Trail Work Report and Pics for October 26-27, 2013

Well, the turnout has been light for the SWNSC trail work thus far, but things are still moving forward.  The club did get a new "trail cutter" brush cutting machine that has done a fine job in clearing out the incredible amount of aspen/locust/wild maple/rosehips, etc.  The thing took some assembly, but once put together and configured, Dave and I got it fired up.  He set it up to work on his tractor, which worked very well, but he did break a bolt in the main hitch, so he had to go to plan-B on connecting it.  He got most of the trail system cut, including cutting out the 2-dozen downed trees that were still blocking the lower road and the Point-O to M bypass.  He didn't make it up through that section of lower meadow, which still has a lot of aspen shoots to cut out.  We may have to hit that by hand.  See the new trail cutter in action below.  Click on the photos to make them larger.  Most of the trail system now looks like this!  Compare that to my post back in August of what the trails looked like then.  It's a HUGE difference!

Other areas of the trail still need some mop-up work with the hand brush-cutter where the big trail cutter didn't get (mainly the extreme edges in place, plus around big rocks).  The club also has a new Poulan hand brush-cutter, which we also got fired up and running yesterday.  I hit the zone from the trail head, out to where I was working on the burned ground grading problems on TJ's.

There were almost 50 trees down blocking the trails in various areas where the fire really burned hot and actually burned all the organic material in the ground, especially around the roots of the burned trees.  This has made the situation unstable for the bigger, top-heavy trees.  One problem is that when one comes down, they peel up the ground and the roots of the other trees around them, causing several to fall at once (see my last trail work blog post for some pics).

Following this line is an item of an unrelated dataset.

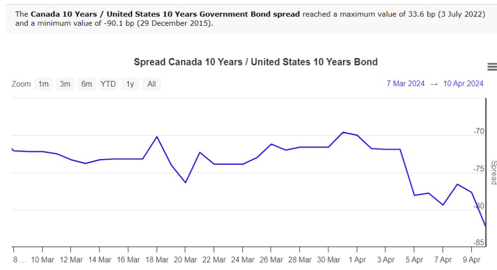 Economists at CIBC and RBC expect the BoC to cut rates in June due to Canada’s economic underperformance against the US, and because, in his press conference, Mr. Macklem, when asked about a June cut, said, “It is within the realm of possibilities.” He also injected a note of caution when he noted “We are seeing what we need to see, but we need to see it for longer to be confident that progress toward price stability will be sustained. The further decline we’ve seen in core inflation is very recent. We need to be assured this is not just a temporary dip.”

Another problem we had was where the ground burned at the lower edge of the trail.  There is an obvious strip along that north-facing hillside where the trail traverses several times where the fire burned the ground.  One of the worst areas affected was TJ's trail.  The edge of the trail was either burned away altogether, or had big craters or burned out ditch lines where a root burned, or had slumped away from the lack of vegetation keeping the ground from "oozing" after big precip events.  At any rate, the trail was not in great shape and needed some work.

As part of an agreement and assessment with the Forest Service, the SWNSC is able to go in and fix these areas using mechanized equipment.  This must be done after the temperatures are consistently below freezing, so that the Jemez Salamander has had time to burrow in for the winter.  We started the process of fixing the trail shape and improving the grading last year, focusing primarily on those areas of the front hill and from Point A out to the end of the severe burn (near Point C).  Now, we're going in and fixing these stretches on the upper trails that suffered this ground burn.  We worked on TJ's this past weekend, and I think it was a success.  Below are some pics of the work and a little bit of how it looked afterward.  I wish I had taken some "before" pics to compare, but it would be hard to tell unless you were able to see it in person.  If you get a chance, go see the "new" trail.  It is quite a bit different now!  There are so many grass roots, that in a year or two, we won't be able to tell that anything was done.  I will also do some reseeding work later.  Here are some random pictures.  It's best to go see it for yourself:

The Espanola Ranger District Ditch Witch just starting the work on TJ's Saturday morning

A lower section from a distance, mainly we just built the lower berm here with the trees that had fallen

After hanging it up on Saturday evening

Trees all cleared out on TJ's and with a few "cut-and-fill" sections

A closer look at the cleared areas with the smaller sections of grading

Dave had to cut the brush in here pretty heavily, then we regraded a short section right in there as well
This is the upper leg of TJ's where the damage was worst.  The cut-and-fill work is more evident here and the trail was rebuilt on the lower side.  The edge of the grass strip in the middle was where the damaged lower edge had been before the work.

Looking the other direction, again the lower edge of the grass strip in the middle was where the lower edge had burned away.

This little machine does a nice job without causing too much incidental damage.

This area needed a lot of work.

You can see that a lot has been done and hopefully will make things nicer both in winter and summer.  There are still some "big ticket" items that we need help with.  Below is the list in order of priority:

1. Hange the fence!  
2. Cut aspen/locust shoots
3. Chainsaw out the remnants of old stumps still sitting in the trail (contact me about this)
4. Finish the inside walls of the equipment garage (we have a bad rodent problem =P  )

We hauled a lot of fencing up to Point A so that folks can start hanging it at their convenience.  I also dropped some off at the lower edge of the fencing that was never taken down last spring so that the project can begin there.  We have LOTs of ties in the shed.

We'll get the rest of the fencing hauled out into position as it goes up.  PLEASE help with this project if you can.  It might be best to have an organized day with a leader/organizer.  I am pretty swamped with a lot of things going on, so I'm hoping someone might take this project on.

Fencing at Point A ready and waiting to be hung up!